In some embodiments, at least one of the first guide rail and the second guide rail may be a linear guide rail.

In some embodiments, the first guide rail may define linear movement of the sampling needle in a vertical direction.

In some embodiments, the second guide rail may limit the linear movement of the consumable in a horizontal direction.

In some embodiments, the detection system can include a turntable including a plurality of receptacles that can be rotated such that each receptacle can be placed in a position corresponding to the sampling position of the sampling needle , each receiving portion is configured to receive a sample test tube for receiving a biological fluid sample to be detected.

In some embodiments, the sample tube may be an EP tube embedded with a dye for the biological fluid sample to be detected.

In some embodiments, the turntable may be provided with a controlled turntable drive.

In some embodiments, the turntable may be positioned beside the second guide rail.

In some embodiments, the consumable recovery section and/or the optical detection device may be arranged side by side with the turntable.

In some embodiments, on the side of the second guide rail, a turntable may be disposed between the optical detection device and the consumables recovery part.

In some embodiments, the turntable may be provided with a sensor for detecting a sample tube placed in a position corresponding to the sampling position of the sampling needle. The sensing signals of the sensors can be used to detect partially automated or fully automated operation of the system.

In some embodiments, at least one of the first drive means and the second drive means can be activated, deactivated and actuated according to a signal from the sensor.

In some embodiments, the detection system can include a controlled syringe pump fluidically connected to the sampling needle, the syringe pump configured for at least one of the following operations:

Dilute the biological fluid sample contained in the sample tube prior to sampling;

mixing the biological fluid sample contained in the sample tube with the dye embedded in the sample tube prior to sampling;

extracting a biological fluid sample from a sample tube;

expelling the extracted biological fluid sample into the sample receiving portion of the consumable;

flush the inner surface of the sampling needle with flushing fluid;

Flush the outer surface of the sampling needle with flushing fluid.

In some embodiments, the detection system may include a consumables bin configured to store a plurality of consumables.

In some embodiments, the consumables compartment may be arranged vertically, and the plurality of consumables are housed in a consumables compartment stacked on top of each other, the consumables compartment having a consumables extraction portion in a lower end region.

In some embodiments, the detection system may include a consumables holder, the consumables holder being drivable by the second drive, the consumables holder being configured to extract the consumables to be used from the consumables magazine, the Consumables to be used can remain in the consumable holder after extraction.

In some embodiments, the consumable can be releasably received in the consumable holder, wherein one of the consumable holder and the consumable has a spring-preloaded locking element, the consumable holder and the consumable The other of them has a detent recess into which the detent element can be snapped into and from which it can be disengaged against a spring preload.

In some embodiments, the consumables holder may be configured such that when the consumables to be used are extracted from the consumables bin, the used consumables in the consumables holder are removed from the consumables holder by the consumables to be used. are pushed out and dropped into the consumables recovery section of the detection system.

In some embodiments, the detection system may include a needle wash module having a needle wash channel for being traversed by a sampling needle, the sampling needle being able to follow a first guide rail by means of a first drive means Movement to a needle wash position in which the outer surface of the section of the sampling needle to be cleaned can be cleaned by the cleaning liquid in the needle wash channel.

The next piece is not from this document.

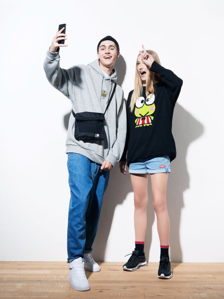▼初秋必備針織連身裙,在黑、灰兩色上的青綠色大眼蛙格外顯眼;搶眼的大眼蛙造型帽T,帽上加了大眼蛙招牌電眼,童趣十足,穿起來青春洋溢。

In some embodiments, in the movement direction of the sampling needle from the rest position to the sampling position along the first guide rail, the position sequence of the sampling needle may be: rest position, needle washing position, sampling position, sampling position, Wherein, in the needle washing position, the sampling needle is inserted into or passing through the needle washing channel, and in the discharging position and the sampling position, the sampling needle protrudes through the needle washing channel. In some embodiments, the rest position and the needle wash position may be the same position.

In some embodiments, the needle wash module may have a needle wash liquid circuit configured to introduce the needle wash liquid between the needle wash channel and the sampling needle transverse to the direction of extension of the needle wash channel in the annular gap between.

In some embodiments, the needle wash liquid circuit may include an inflow route and an outflow route, the inflow route leading to the needle wash channel and including at least one line region extending transversely to the direction of extension of the needle wash channel section, the outflow route exits from the needle wash channel and includes at least one line section extending transversely to the direction of extension of the needle wash channel, the outflow route exiting from the needle wash channel at an inlet lower than the inflow The route leads to the outlet of the needle wash channel and is above the bottom opening of the needle wash channel.

In some embodiments, the detection system may include a control system configured to control at least a portion of all drives and actuators of the detection system such that the detection system can be partially automated or fully automated The detection process of biological fluid samples is performed automatically.

In some embodiments, the detection system may include a computer that is part of the control system and has a display device.

The various technical features mentioned above and the various technical features to be mentioned below and the technical features that can be derived from the drawings can be combined with each other arbitrarily, as long as the individual technical features combined with each other are not contradictory to each other.

Description of drawings

The invention will be explained in more detail below by means of specific embodiments with reference to the drawings. in:

1 is a perspective view of a detection system for detecting a biological fluid sample in accordance with one embodiment of the present invention.

FIG. 2 is a partially enlarged perspective view of the detection system of FIG. 1 when the sampling needle is in a nesting position.

3 is an enlarged perspective view of a portion of the detection system of FIG. 1 prior to extraction of consumables to be used.

FIG. 4 is a transparent view of the needle wash module of the detection system of FIG. 1 .

Detailed ways

An embodiment of a detection system for detecting biological fluid samples is shown in the drawings. The detection system may include a table 13 and a riser 14 fixedly mounted on the table, and other components of the detection system may be installed on the table 13 and/or the riser 14 .

The detection system may include a sampling needle 2 and a first guide rail 1 for guiding the sampling needle 2 . The sampling needle 2 can be provided with a needle seat 3 that can move along the first guide rail 1 . In principle, the movement trajectory defined by the first guide rail 1 can be a straight line, a plane curve or a space curve. Said needle holder 3 can be provided with a first drive means 4 , such as a stepper motor, which drives the needle holder 3 and thus the sampling needle 2 , eg via a screw nut mechanism. Said first guide 1 can in particular be a linear guide and defines a linear movement of the sampling needle in the vertical direction. The first guide rail 1 can be fixedly mounted on the vertical plate 14 . For example, the sampling needle 2 can be moved in a controlled manner on the first guide rail 1 by a controlled first drive 4 into a rest position, a sampling position, a sampling position and a cleaning position, wherein the cleaning position and the rest position can be the same position or a different location. The sampling needle 2 can be connected to a syringe pump 20 , which will be described in detail later, in a flow-guiding manner, so as to realize various functions of the sampling needle 2 .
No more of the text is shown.